The child’s doctor Vandana Shashi, Professor of Pediatrics for the Division of Medical Genetics at Duke University School of Medicine http://pediatrics.duke.edu/divisions/medical-genetics told the parents their son likely had a rare and yet unidentified disease.
Shashi wanted to solve the mystery case so she contacted the Undiagnosed Diseases Network (UDN) www.genome.gov at NIH. This Network links Duke and six other medical teaching sites around the country where the participating centers pool information and innovations on rare diseases that are stumping the broader medical community.
Within just six weeks the boy’s doctor connected to other UDN research labs and to an international database of genes and disease characteristics called GeneMatcher. Dr. Shashi was able to find that five other children had all the same physical features and the ASXL2 gene mutation.

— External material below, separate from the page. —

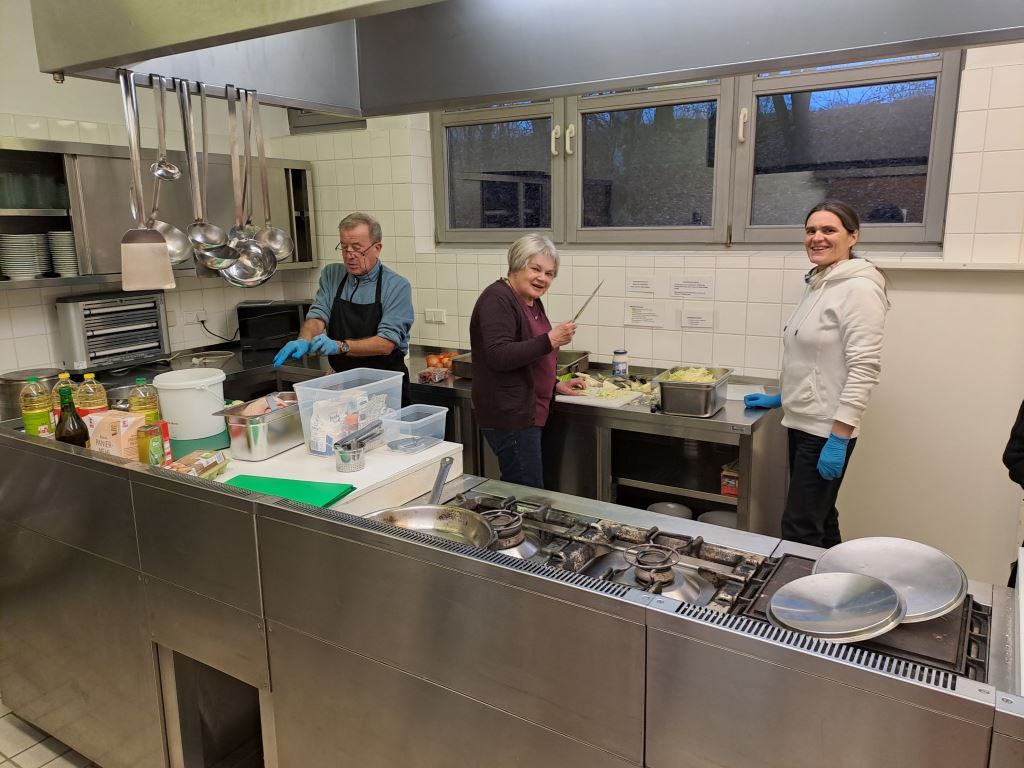Insgesamt fanden sich an diesem Abend wieder 40 Teilnehmende ein, kochten gemeinsam und bereiteten den Saal für das gemeinsames Essen vor. Unser Bürgermeister Achim Siebert kam ebenfalls auf einen kurzen Besuch vorbei und wurde natürlich nicht ohne einen Teller mit leckerem Essen entlassen- auch wenn er dieses aus terminlichen Gründen erst zuhause genießen konnte.

The new disease which still has no name does have similarities to two other rare genetic disorders arising from related genes. For example one genetic disorder called Bohring-Opitz syndrome is the result of a mutation of the ASXL1 gene while the other genetic disorder called Bainbridge-Ropers syndrome is caused by a flaw in the ASXL3 gene. Both conditions are rare and can result in similar, but more severe impairments.
It is still unknown how the ASXL2 genetic mutation arises, but Dr. Shashi said. “Identifying the root cause of a medical condition is a first step, and could help to drive new therapies and treatment approaches.